In the entries below, begin at the line with "Découvrez notre sac" and stop after the line with "美元指数(DXY)在2023"; output those lines exactly and omit the pictures.

[[ Stored data, beginning ]]

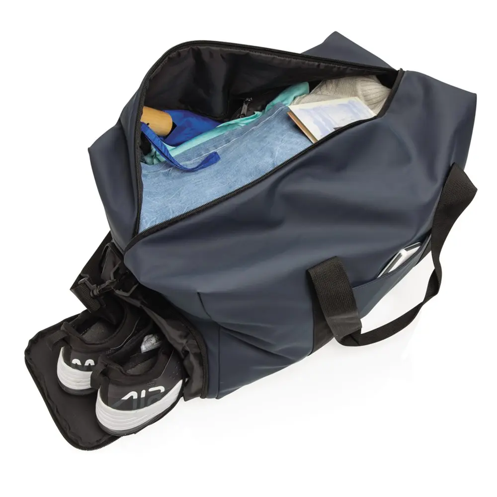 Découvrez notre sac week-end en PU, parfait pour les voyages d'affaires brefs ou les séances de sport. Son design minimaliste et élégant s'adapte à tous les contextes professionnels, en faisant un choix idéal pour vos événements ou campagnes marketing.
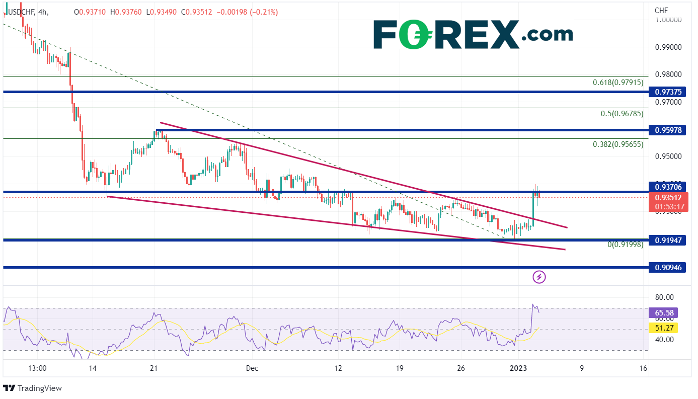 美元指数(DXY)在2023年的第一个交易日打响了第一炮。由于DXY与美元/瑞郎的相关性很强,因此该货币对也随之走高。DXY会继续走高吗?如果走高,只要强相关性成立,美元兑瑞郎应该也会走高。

[[ Stored data, end ]]
[[ Stored data, beginning ]]

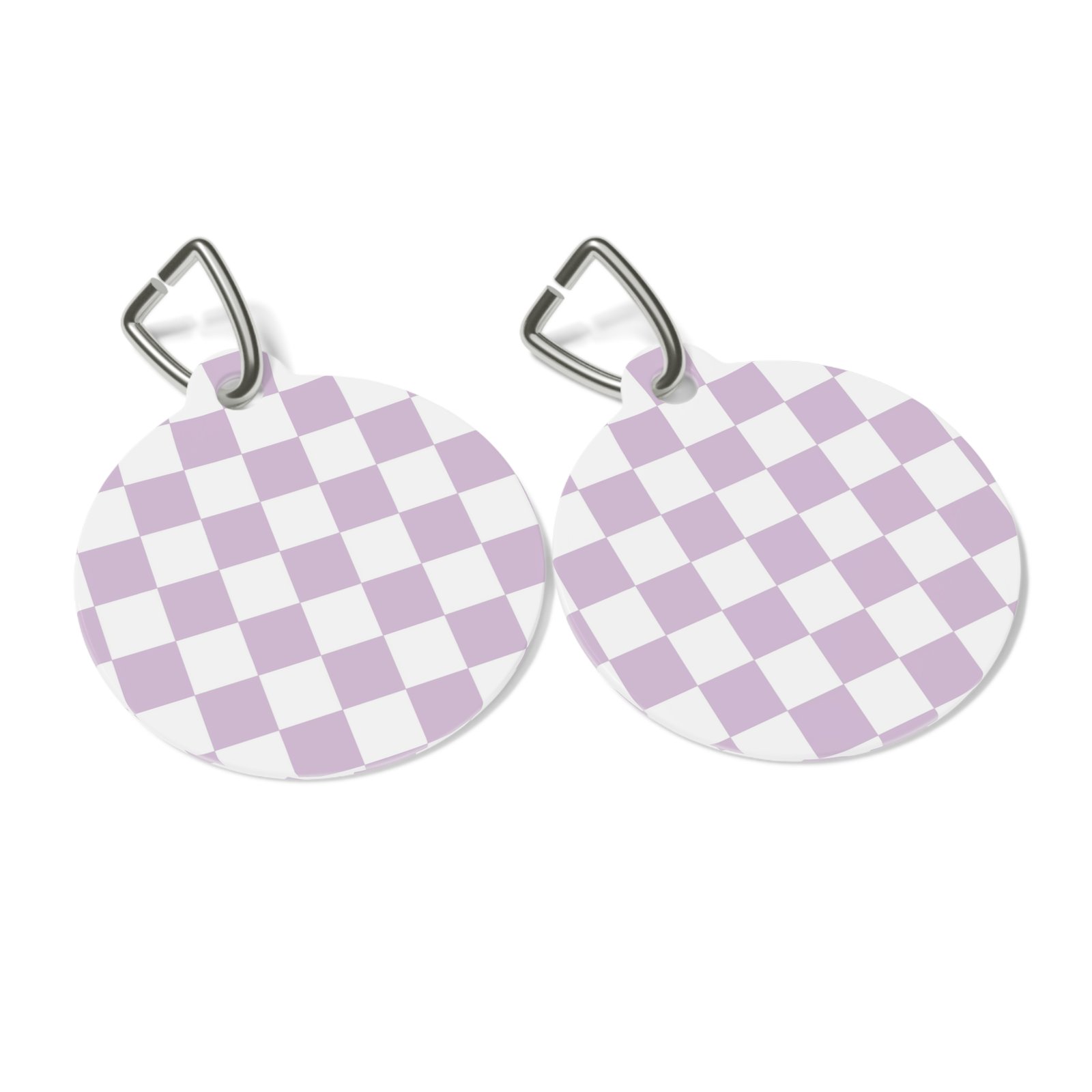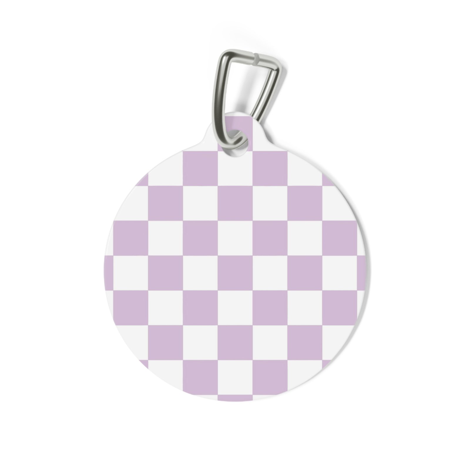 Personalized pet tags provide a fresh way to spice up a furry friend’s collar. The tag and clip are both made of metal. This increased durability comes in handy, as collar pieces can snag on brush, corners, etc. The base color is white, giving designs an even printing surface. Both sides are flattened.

[[ Stored data, end ]]

= Your solution =
 Découvrez notre sac week-end en PU, parfait pour les voyages d'affaires brefs ou les séances de sport. Son design minimaliste et élégant s'adapte à tous les contextes professionnels, en faisant un choix idéal pour vos événements ou campagnes marketing.
 美元指数(DXY)在2023年的第一个交易日打响了第一炮。由于DXY与美元/瑞郎的相关性很强,因此该货币对也随之走高。DXY会继续走高吗?如果走高,只要强相关性成立,美元兑瑞郎应该也会走高。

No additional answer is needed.